As well as losing power and a phone connection, Gillespie’s water went. “It turned all milky. I had to get to the supermarket for bottled water. We’re blessed here in good times. It’s a beautiful place – until something like this happens.”
The local Liberal Democrat councillor Juliet Line was spending hours on Tuesday visiting those cut off and trying to get utility companies and the highways department to reconnect people and move fallen trees.
“The lack of national attention has been frustrating,” she said. “Staff at the council and local people are working so hard but the scale of the problem is massive.”
Line believes the crisis highlights a lack of resilience. “The internet-based phone systems, for example, just don’t work when something like this happens. People don’t even know if help is coming.”

Andrew George, the MP for St Ives, said those trying to get Cornwall back on its feet were overwhelmed. “It doesn’t help if power and water suppliers feel obliged to present an ‘everything is under control, so don’t worry’ coping message, but that’s not the impression I get when out talking to those affected,” he said. He has called for a national emergency to be declared and for extra resources to be ploughed into Cornwall.
One man died in Cornwall when a tree fell on to his caravan, and George said he worried there could have been other, as yet undiscovered, deaths. “People are feeling traumatised,” he said.
Cornwall council said seven schools remained closed on Tuesday and its highways teams were responding to about 1,000 incidents across Cornwall, many involving fallen trees and branches.
The National Grid said that by Tuesday afternoon 168 properties remained without power in west Cornwall due to Storm Goretti. South West Water said “fewer than 100” were still experiencing loss of water or low pressure.
The village of Goldsithney, close to Penzance, was cut in two by a tree that fell across the main street and on to a cottage roof. The family who lived there had a narrow escape.

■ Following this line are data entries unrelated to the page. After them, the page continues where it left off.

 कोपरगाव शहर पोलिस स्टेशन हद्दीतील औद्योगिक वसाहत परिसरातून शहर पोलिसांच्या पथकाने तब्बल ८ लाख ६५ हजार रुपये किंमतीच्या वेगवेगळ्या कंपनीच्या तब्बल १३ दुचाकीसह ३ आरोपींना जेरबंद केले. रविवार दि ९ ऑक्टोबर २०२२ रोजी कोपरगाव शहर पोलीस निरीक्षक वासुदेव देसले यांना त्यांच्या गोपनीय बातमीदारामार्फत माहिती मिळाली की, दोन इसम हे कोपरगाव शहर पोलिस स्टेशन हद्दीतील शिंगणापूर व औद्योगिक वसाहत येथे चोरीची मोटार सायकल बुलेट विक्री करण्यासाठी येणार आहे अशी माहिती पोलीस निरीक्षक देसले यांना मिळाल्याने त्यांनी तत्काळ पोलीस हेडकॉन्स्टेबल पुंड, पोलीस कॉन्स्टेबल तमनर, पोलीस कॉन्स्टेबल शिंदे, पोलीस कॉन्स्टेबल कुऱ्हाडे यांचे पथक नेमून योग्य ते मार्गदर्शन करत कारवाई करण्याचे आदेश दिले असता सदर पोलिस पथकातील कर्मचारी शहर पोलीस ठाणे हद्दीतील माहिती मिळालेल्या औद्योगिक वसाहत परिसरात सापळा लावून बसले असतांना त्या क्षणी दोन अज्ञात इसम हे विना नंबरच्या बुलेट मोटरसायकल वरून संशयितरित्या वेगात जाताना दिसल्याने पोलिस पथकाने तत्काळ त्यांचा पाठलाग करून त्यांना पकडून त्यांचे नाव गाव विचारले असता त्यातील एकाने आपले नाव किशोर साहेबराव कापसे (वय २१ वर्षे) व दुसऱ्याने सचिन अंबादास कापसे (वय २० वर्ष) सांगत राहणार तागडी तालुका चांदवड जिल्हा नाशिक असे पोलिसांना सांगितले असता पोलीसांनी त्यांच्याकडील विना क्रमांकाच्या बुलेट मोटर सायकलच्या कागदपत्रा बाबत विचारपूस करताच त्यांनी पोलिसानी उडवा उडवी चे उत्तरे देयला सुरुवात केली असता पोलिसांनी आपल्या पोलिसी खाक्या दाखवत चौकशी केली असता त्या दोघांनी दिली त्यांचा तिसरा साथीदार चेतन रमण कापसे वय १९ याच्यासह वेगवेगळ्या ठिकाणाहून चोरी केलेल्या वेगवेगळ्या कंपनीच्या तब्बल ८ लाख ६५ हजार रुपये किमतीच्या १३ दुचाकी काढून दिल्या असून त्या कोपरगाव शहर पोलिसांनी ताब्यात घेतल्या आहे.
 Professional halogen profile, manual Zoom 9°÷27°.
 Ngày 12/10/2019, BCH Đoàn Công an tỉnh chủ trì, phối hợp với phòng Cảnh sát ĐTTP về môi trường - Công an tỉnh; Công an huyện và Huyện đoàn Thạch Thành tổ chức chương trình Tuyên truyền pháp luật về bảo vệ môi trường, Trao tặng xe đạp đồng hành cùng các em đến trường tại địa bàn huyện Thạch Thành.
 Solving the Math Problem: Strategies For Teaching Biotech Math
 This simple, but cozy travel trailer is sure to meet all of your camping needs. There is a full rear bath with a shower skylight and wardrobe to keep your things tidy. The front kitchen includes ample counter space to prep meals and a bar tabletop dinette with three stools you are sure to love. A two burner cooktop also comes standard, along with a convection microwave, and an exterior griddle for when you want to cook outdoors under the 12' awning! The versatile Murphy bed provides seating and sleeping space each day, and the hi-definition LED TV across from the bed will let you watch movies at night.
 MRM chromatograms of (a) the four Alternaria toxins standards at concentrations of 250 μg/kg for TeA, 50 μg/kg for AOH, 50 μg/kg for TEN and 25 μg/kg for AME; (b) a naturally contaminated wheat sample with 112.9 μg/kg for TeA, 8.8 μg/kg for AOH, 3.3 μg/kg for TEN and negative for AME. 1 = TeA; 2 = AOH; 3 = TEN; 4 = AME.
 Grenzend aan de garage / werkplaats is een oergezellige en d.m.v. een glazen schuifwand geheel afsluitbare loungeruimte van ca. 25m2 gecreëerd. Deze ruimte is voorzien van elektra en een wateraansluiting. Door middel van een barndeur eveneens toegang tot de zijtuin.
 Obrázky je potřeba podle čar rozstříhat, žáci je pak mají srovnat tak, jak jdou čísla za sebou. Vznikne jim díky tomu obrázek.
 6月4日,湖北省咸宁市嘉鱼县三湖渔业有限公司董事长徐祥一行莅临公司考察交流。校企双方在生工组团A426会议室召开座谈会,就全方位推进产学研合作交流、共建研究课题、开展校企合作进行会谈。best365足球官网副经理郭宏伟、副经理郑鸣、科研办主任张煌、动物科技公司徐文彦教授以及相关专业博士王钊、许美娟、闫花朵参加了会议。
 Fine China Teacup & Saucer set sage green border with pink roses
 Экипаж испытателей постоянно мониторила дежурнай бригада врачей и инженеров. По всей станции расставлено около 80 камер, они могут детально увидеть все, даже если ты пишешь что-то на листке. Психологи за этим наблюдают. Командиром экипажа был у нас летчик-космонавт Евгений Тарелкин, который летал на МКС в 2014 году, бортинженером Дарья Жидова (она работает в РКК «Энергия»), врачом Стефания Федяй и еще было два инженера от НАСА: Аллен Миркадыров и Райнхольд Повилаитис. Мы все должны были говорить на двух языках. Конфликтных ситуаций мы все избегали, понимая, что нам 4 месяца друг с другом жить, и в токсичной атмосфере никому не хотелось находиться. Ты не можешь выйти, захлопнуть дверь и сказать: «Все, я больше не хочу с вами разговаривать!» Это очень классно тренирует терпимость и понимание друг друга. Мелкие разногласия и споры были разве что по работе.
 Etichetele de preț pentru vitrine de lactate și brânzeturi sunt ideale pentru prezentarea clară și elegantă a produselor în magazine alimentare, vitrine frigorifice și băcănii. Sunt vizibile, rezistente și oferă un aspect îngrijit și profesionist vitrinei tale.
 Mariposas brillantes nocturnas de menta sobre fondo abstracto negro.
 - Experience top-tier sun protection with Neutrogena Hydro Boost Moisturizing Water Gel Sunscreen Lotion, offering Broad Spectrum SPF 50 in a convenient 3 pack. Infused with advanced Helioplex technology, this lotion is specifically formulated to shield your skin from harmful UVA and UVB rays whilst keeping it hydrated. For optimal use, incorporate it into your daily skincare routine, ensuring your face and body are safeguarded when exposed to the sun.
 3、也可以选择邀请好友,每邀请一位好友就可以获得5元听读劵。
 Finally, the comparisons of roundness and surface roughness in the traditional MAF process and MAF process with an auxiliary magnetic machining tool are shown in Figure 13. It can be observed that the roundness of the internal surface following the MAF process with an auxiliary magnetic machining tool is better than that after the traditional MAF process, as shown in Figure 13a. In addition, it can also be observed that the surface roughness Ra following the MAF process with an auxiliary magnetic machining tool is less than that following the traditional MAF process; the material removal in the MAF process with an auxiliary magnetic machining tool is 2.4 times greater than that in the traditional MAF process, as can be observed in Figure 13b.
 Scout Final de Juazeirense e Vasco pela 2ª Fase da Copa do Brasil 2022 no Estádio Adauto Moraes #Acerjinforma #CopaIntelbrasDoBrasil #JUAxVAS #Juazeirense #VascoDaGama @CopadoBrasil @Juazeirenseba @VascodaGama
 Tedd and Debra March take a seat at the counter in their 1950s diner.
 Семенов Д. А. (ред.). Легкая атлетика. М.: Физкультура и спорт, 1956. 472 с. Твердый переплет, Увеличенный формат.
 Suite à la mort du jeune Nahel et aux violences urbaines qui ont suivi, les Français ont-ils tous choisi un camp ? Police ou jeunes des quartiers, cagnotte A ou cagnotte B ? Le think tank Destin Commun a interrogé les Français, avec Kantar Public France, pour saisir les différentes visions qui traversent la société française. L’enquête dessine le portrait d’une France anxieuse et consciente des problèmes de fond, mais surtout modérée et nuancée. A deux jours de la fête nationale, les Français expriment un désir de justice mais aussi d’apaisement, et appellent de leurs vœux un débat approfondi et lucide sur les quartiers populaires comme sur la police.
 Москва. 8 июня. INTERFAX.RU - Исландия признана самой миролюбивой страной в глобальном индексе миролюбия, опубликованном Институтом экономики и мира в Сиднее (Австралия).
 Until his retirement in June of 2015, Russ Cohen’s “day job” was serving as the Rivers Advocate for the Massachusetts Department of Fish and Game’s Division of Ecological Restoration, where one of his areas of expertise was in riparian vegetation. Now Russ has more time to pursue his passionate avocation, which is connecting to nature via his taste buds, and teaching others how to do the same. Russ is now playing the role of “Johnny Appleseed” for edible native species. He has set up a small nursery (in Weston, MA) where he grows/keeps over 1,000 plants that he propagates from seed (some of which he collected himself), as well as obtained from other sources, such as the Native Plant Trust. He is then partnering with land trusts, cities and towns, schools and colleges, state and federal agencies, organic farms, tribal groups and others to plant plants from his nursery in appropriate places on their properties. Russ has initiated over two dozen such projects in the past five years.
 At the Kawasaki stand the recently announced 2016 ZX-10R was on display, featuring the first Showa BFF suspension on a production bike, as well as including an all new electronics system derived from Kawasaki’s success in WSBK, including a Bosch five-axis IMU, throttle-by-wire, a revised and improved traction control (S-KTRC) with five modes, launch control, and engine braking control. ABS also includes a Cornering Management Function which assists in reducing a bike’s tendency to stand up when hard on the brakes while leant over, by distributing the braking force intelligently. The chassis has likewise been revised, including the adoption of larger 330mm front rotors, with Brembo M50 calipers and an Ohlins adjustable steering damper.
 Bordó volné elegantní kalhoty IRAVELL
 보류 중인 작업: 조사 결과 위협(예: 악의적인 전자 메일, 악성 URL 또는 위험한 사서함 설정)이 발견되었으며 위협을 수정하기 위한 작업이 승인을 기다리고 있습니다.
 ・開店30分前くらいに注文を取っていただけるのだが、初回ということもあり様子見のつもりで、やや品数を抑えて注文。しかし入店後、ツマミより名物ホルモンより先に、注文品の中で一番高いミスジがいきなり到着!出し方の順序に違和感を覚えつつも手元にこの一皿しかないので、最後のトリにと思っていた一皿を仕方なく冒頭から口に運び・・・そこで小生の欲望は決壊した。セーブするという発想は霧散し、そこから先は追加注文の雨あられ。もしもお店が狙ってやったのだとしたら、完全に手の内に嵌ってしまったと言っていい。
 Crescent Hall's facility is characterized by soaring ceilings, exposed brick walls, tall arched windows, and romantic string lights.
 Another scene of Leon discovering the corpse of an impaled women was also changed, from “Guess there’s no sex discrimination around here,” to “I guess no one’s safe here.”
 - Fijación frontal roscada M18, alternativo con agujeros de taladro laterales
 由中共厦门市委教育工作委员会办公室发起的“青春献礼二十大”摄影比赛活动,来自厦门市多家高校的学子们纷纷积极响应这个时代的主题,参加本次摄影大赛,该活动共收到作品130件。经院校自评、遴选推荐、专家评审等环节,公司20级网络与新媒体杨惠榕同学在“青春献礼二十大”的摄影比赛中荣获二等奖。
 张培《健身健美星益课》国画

“The mother and three children were downstairs,” said a neighbour, Harry Glasson. “If it had been a few hours later they’d have been in bed and may not have survived.” He was not surprised the tree still lay across the village’s main street. “It’s the state of the country,” he said.
Fallen trees have made driving hazardous. Oona Burch, a school governor, told how she got stuck thanks to a combination of mud and a fallen tree as she drove her five- and seven-year-old children. “There was no phone signal and I was just thinking: what am I going to do?” She managed to extricate herself.
She said farmers cleared the way to her school with chainsaws. “There’s been no sort of national response. We’ve still got blocked roads five days after the storm.”
The cost is not just a human one. The storm felled almost 100 trees on St Michael’s Mount near Penzance – approximately 80% of the island’s trees – along with many much-loved camellias, hydrangeas and rhododendrons.

The National Trust said hundreds of thousands of pounds’ worth of damage had been done. The charity’s director for the south-west, Ian Marsh, said: “In terms of breadth and scale, this is the worst storm I’ve seen in my 16 years with the National Trust. Tenants and properties have lost power and water, roads are impassable and many thousands of trees have been damaged. It will take months of work to get some of our woodlands open and accessible again.”
In the House of Commons, the Cabinet Office minister Dan Jarvis said he could give a “categoric assurance” that the government cared as much about Cornwall as the rest of the country.
He said he realised that coastal and rural communities were vulnerable but said he believed the local resilience forum had worked well and it had not been deemed necessary to convene Cobra, the government’s crisis response committee.
Jarvis said lessons would be learned from what Cornwall had experienced and the government would look at the issue of people being cut off when phones that relied on the internet did not work.
Back at New Mill, Jan Shearn, 80, a retired headteacher, said local people had worked together to make sure everyone was safe, if not always very warm. “God knows when we’ll be back to normal,” she said.